4ms, 7 lines, c++ dp solution! very clear, almost best!


  • 29
    P

    prefixVec stores the numbers of t's prefixes occur when we iterate through s. the dp equation is when we encounter a character which also occurs in t at position i, then prefixVec[i] += prefixVec[i-1] (i > 0), prefixVec[i]++ (i = 0). we calculate prefixVec backwards so the new value produced won't influence the calculation of next value (at i-1), otherwise we need a temp vector.

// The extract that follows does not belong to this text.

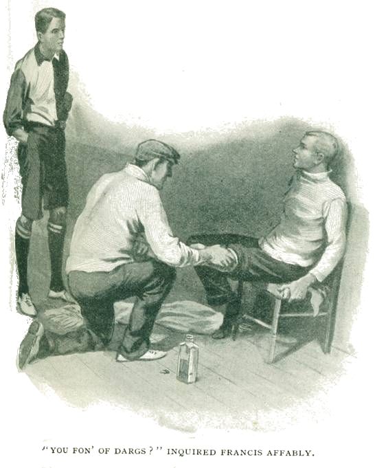 Having donned his football clothes and returned to the gymnasium, Sheen found Francis in a chair, having his left leg vigorously rubbed by Mr. Bevan.

    int numDistinct(string s, string t) {
        int tLen = t.size();
        vector<int> prefixVec(tLen,0);
        for (auto c: s)
            for (int i = tLen-1;i >= 0;--i)
                if (t[i] == c)
                    prefixVec[i] = (i > 0 ? prefixVec[i-1] : 1) + prefixVec[i];
        return prefixVec.back();
    }
    
    /*
    example showing how prefixVec is calculated when we eat a new char
    rabbbit rabbit
    
    rabbit 
    000000
    100000 r
    110000 a
    111000 b
    112100 b
    113300 b
    113330 i
    113333 t
    */

  • 0
    H

    Excellent idea!


  • 0
    S

    Brilliant! I have come to similar idea but i stuck into the permutation and combination, such as bbb to bb, thanks for posting your answer!


  • 0
    P

    I use a sentinel, so it's simpler!

    int numDistinct(string s, string t) {
        int tLen = t.size();
        vector<int> prefixVec(tLen+1,0);
        prefixVec[0] = 1;
        for (auto c: s)
            for (int i = tLen-1;i >= 0;--i)
                if (t[i] == c)
                    prefixVec[i+1] += prefixVec[i];
        return prefixVec.back();
    }

  • 0

    cool code and clear idea.


  • 0
    L

    very excellent solution!!!
    but I would like to know how you came out with this solution. When you read this problem, how do you analyze, please kindly help me, because when I met this question, I get totally confused...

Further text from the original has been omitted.